Start of COLLECTED DATA

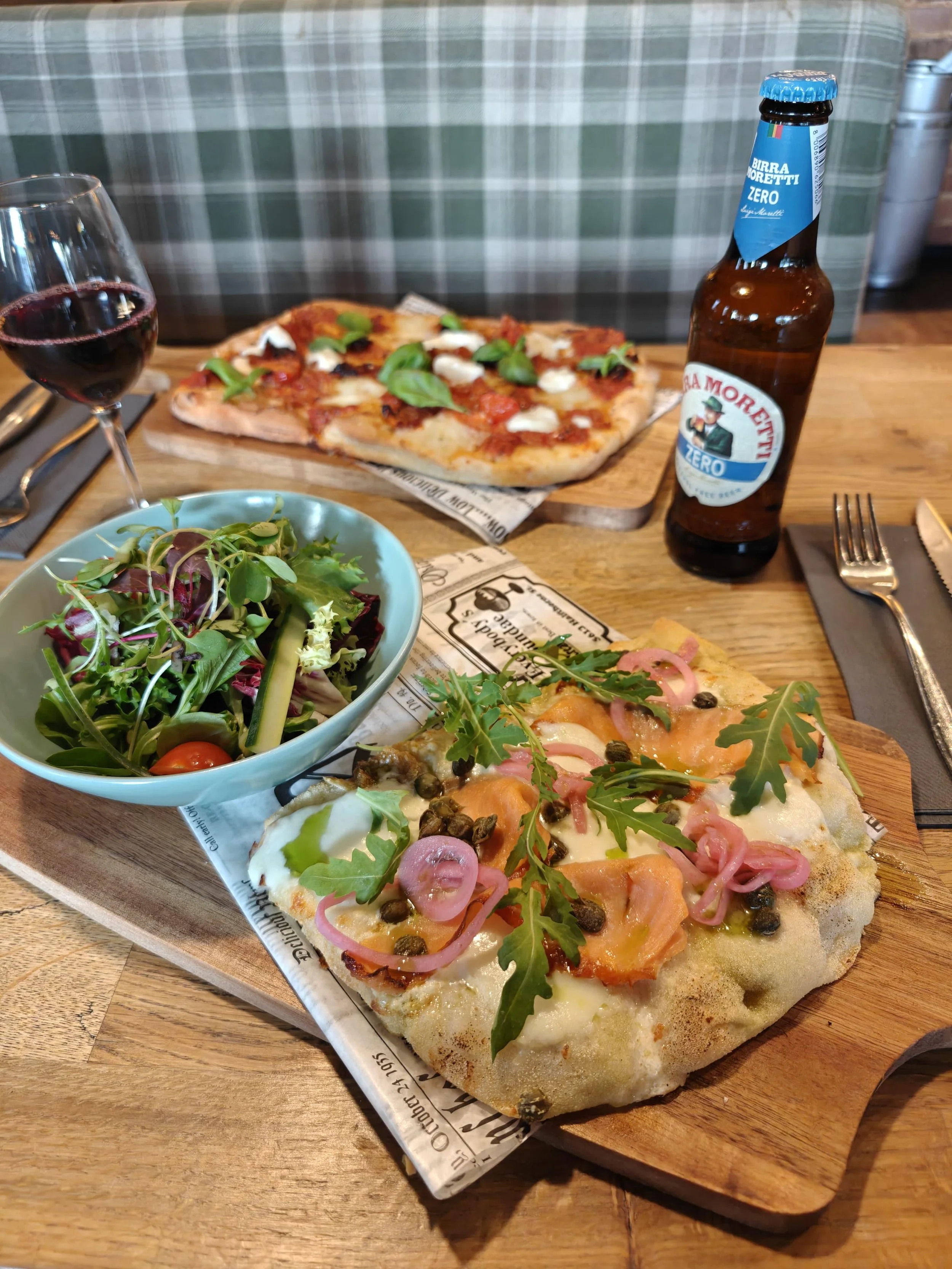 Valitsemasi puolikas pinsa ja talon viher- tai caesarsalaattia (VL)
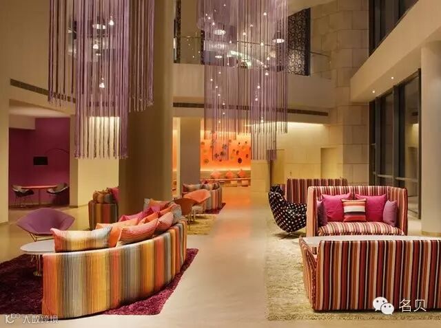 位于英国爱丁堡的第一家Missoni酒店,坐落于乔治四世大桥与皇家大桥交叉口,包围它的都是中世纪贵族的百年历史建筑,与周围建筑风情截然不同的是,跃动的色彩充斥了整个酒店内部,从餐厅到电梯,再到每一间客房,这里的色彩不是单调的喷涂,而是融入了装潢设计元素或者生活用品,使得一切都色彩斑斓却仍然看上去很高级时尚,同时不会觉得凌乱,反而多了一些优雅的设计感。
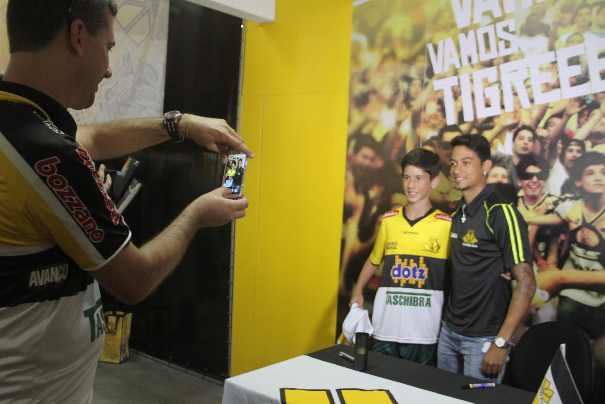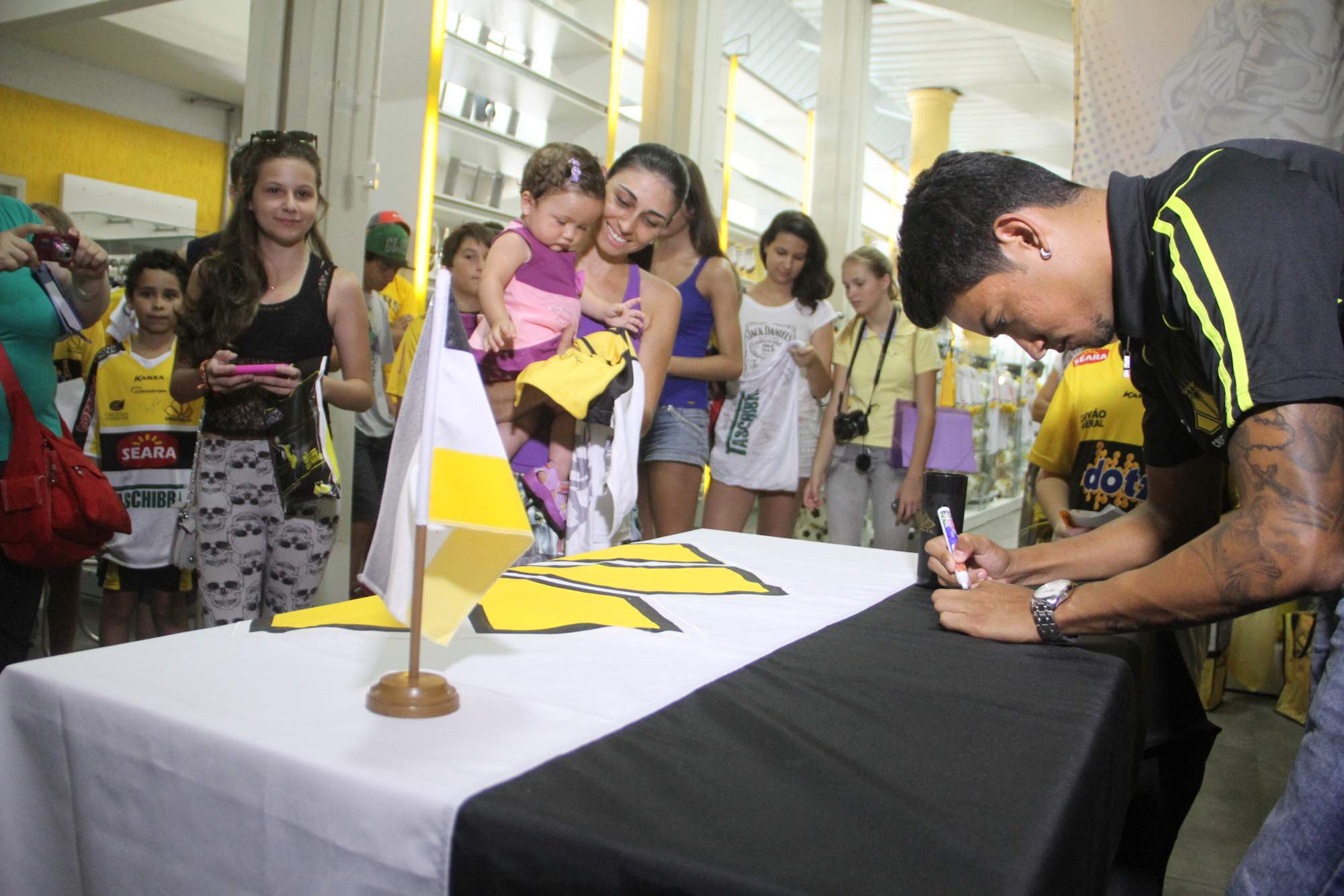 O atacante Lucca fez a festa de um bom número de torcedores que compareceram na tarde desta segunda-feira (20/01) na reabertura da Loja Tigre Maníacos. O local ficou fechado por alguns dias para balanço e algumas mudanças. O atleta do Tigre, um dos destaques do acesso para a Série A em 2012, tirou fotos e distribuiu autógrafos para os torcedores tricolores.

End of COLLECTED DATA

The task requires restating verbatim the lines from the one that holds "位于英国爱丁堡的第一家Mis" through the end of the listing, both ends counted, and no pictures.

• _REPLY TO THE TASK_
 位于英国爱丁堡的第一家Missoni酒店,坐落于乔治四世大桥与皇家大桥交叉口,包围它的都是中世纪贵族的百年历史建筑,与周围建筑风情截然不同的是,跃动的色彩充斥了整个酒店内部,从餐厅到电梯,再到每一间客房,这里的色彩不是单调的喷涂,而是融入了装潢设计元素或者生活用品,使得一切都色彩斑斓却仍然看上去很高级时尚,同时不会觉得凌乱,反而多了一些优雅的设计感。
 O atacante Lucca fez a festa de um bom número de torcedores que compareceram na tarde desta segunda-feira (20/01) na reabertura da Loja Tigre Maníacos. O local ficou fechado por alguns dias para balanço e algumas mudanças. O atleta do Tigre, um dos destaques do acesso para a Série A em 2012, tirou fotos e distribuiu autógrafos para os torcedores tricolores.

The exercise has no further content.